La troisième activité parle d’intelligence collective et le fait plutôt bien. Un caddie rempli de produits nous est présenté, chaque personne devant estimer le poids total en kilogrammes de l’ensemble sans connaître les estimations des personnes précédentes. Une fois notre estimation donnée, on découvre les 100 dernières estimations du public ainsi que leur médiane et le « vrai » poids du caddie. La moyenne est toujours très proche du vrai poids, ce qui est vaguement expliqué par l’écran de fin, qui ajoute un résumé de l’expérience de Galton (il demandait à des gens dans une foire d’estimer le poids d’un bœuf. La médiane des estimations était très proche de la réalité.).

Seule remarque : les conditions de l’effectivité de cette intelligence collective ne sont pas exposées. Il semblerait que ce type d’expérience fonctionne très bien pour des variables quantifiables et ne demandant pas d’expertise particulière pour se faire un avis (ça ne marcherait pas en demandant le montant en dollars nécessaire pour solutionner la faim dans le monde par exemple). De plus, il semblerait que chaque estimation doive être faite sans concertation pour éviter les influences10. Les personnes qui s’essayent à l’exercice, ne respectant pas forcément ces conditions, ne font donc pas émerger d’intelligence collective. En effet, si l’influence entre en jeu, le phénomène observé change complètement et on peut observer l’estimation d’un groupe s’enfoncer dans l’erreur11.

La dernière activité est un faux rayon de supermarché dans lequel tous les produits sont disponibles sous deux versions, de marques et emballages différents.

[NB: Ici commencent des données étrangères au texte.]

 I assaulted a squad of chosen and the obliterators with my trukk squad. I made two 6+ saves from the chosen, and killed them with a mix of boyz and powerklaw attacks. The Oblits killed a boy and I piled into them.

Par exemple deux types de bouteille d’eau, deux types de maquillage, deux types de lessive… Les emballages sont plutôt réalistes et sont de vrais condensés de manipulations classiques du marketing : prix finissant en « …,99 centimes », appels à la nature, des couleurs criardes, des « Vu à la TV », des photos de gens heureux, etc.

Nous devons choisir un des deux produits pour chaque paire de produits, puis soumettre notre sélection à une caisse virtuelle qui passe en revue chaque paire de produit en nous donnant une brève analyse des manipulations utilisées. Chaque emballage incarne une ou plusieurs techniques de manipulation.

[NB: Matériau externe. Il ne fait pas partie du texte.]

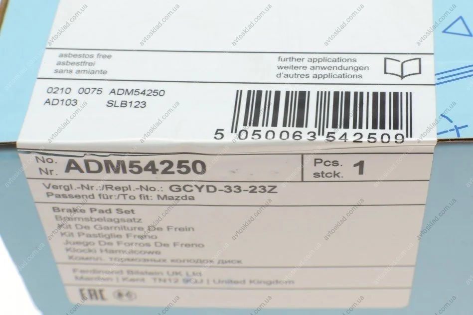 Гальмівні колодки дискові BLUE PRINT ADM54250

On peut ainsi faire des liens entre des manipulations similaires utilisées sur différents produits, par exemple entre une photo aérienne de champs de thé, un « 100 % naturel » et un « Sans OGM ».

Si l’exercice s’arrêtait ici il aurait été plutôt bon, mais le côté interactif brouille encore une fois le message. En effet, chaque paire de produit analysée par la caisse virtuelle est accompagnée des statistiques des 100 derniers choix des personnes précédentes. On constate très souvent un relatif équilibre entre les deux produits, ce qui nous fait nous demander si le but du dispositif était de démontrer qu’une manipulation fonctionnait systématiquement avec plus de puissance qu’une autre. Si tel était le but, alors pourquoi ne pas avoir opposé un emballage manipulatoire à un autre plus « neutre » ? Si tel n’était pas le but, alors pourquoi avoir affiché les statistiques ?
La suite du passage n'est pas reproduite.